Aunsiels / pyformlang

A python library to manipulate formal languages and various automata
https://pypi.org/project/pyformlang/
MIT License
43 stars 10 forks source link

Issues with finite_automaton architecture #25

Open bygu4 opened 18 hours ago

bygu4 commented 18 hours ago

Current design of the finite_automaton module contains multiple cyclic imports, and that is due to a bigger problem: confusing architecture that makes the module hard to maintain. I think inheritance is the right way to design finite automata, but we need to refactor some methods and interfaces to restore a proper hierarchy. For example, to_deterministic abstract method is one of the causes of cyclic imports: https://github.com/Aunsiels/pyformlang/blob/4f36e28492a529d67129dcecaf9d07ca69fb0cf6/pyformlang/finite_automaton/finite_automaton.py#L596-L600 And similar situation with this method: https://github.com/Aunsiels/pyformlang/blob/4f36e28492a529d67129dcecaf9d07ca69fb0cf6/pyformlang/finite_automaton/epsilon_nfa.py#L254-L281

I think the right way to handle this, is to make sure that inherited classes don't know anything about their descendants. To do this we can get rid of to_deterministic abstraction, and refactor it's implementations as class methods of the DFA class. And also do the same thing with remove_epsilon_transitions. It might look like this:

class DeterministicFiniteAutomaton(NondeterministicFiniteAutomaton):

    @classmethod
    def from_epsilon_nfa(cls, enfa: EpsilonNFA) \
            -> DeterministicFiniteAutomaton:
        # implementation for enfa

    @classmethod
    def from_nfa(cls, nfa: NondeterministicFiniteAutomaton): # ...
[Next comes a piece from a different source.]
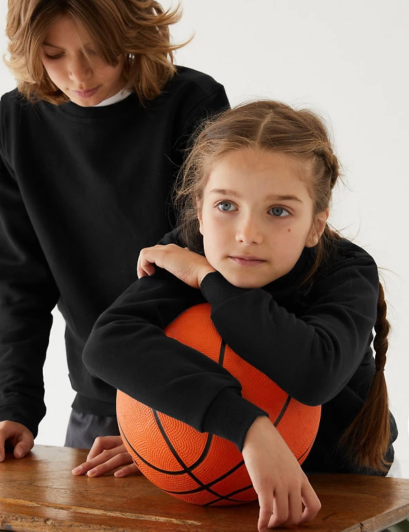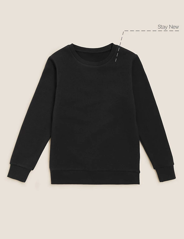 This smart school sweatshirt is made from cotton-rich fabric for a soft and breathable feel. Regular fit with a crew neck. Our StayNew™ technology reduces bobbling and colour loss, keeping their uniform looking newer and brighter for longer. We only ever use responsibly sourced cotton for our clothes.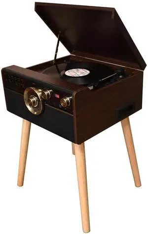 Arkrocket 3-Speed Bluetooth Record Player Retro Turntable with Built-in Speakers and Removable Legs [ Limited Edition ] (Brown)

And similarly with remove_epsilon_transitions:

class NondeterministicFiniteAutomaton(EpsilonNFA):

    @classmethod
    def remove_epsilon_transitions(cls, enfa: EpsilonNFA) \
            -> NondeterministicFiniteAutomaton:
        #  implementation

This may require some refactoring to make sure we don't use any protected members, but it seems completely doable.

As an alternative, maybe we could try to somehow get rid of inheritance, or just leave a couple of shortcuts like in the current state of pyformlang, but neither of these seems like a good solution.

Also there there are cyclic imports between Regex and EpsilonNFA so there are more things we need to rework outside of finite_automaton module.

bygu4 commented 18 hours ago

This should probably be in EpsilonNFA: https://github.com/Aunsiels/pyformlang/blob/4f36e28492a529d67129dcecaf9d07ca69fb0cf6/pyformlang/finite_automaton/finite_automaton.py#L497-L544

bygu4 commented 18 hours ago

Also, I think it's a good idea to rename TransitionFunction to DeterministicTransitionFunction, and to create an interface from which both transition function classes would be inherited.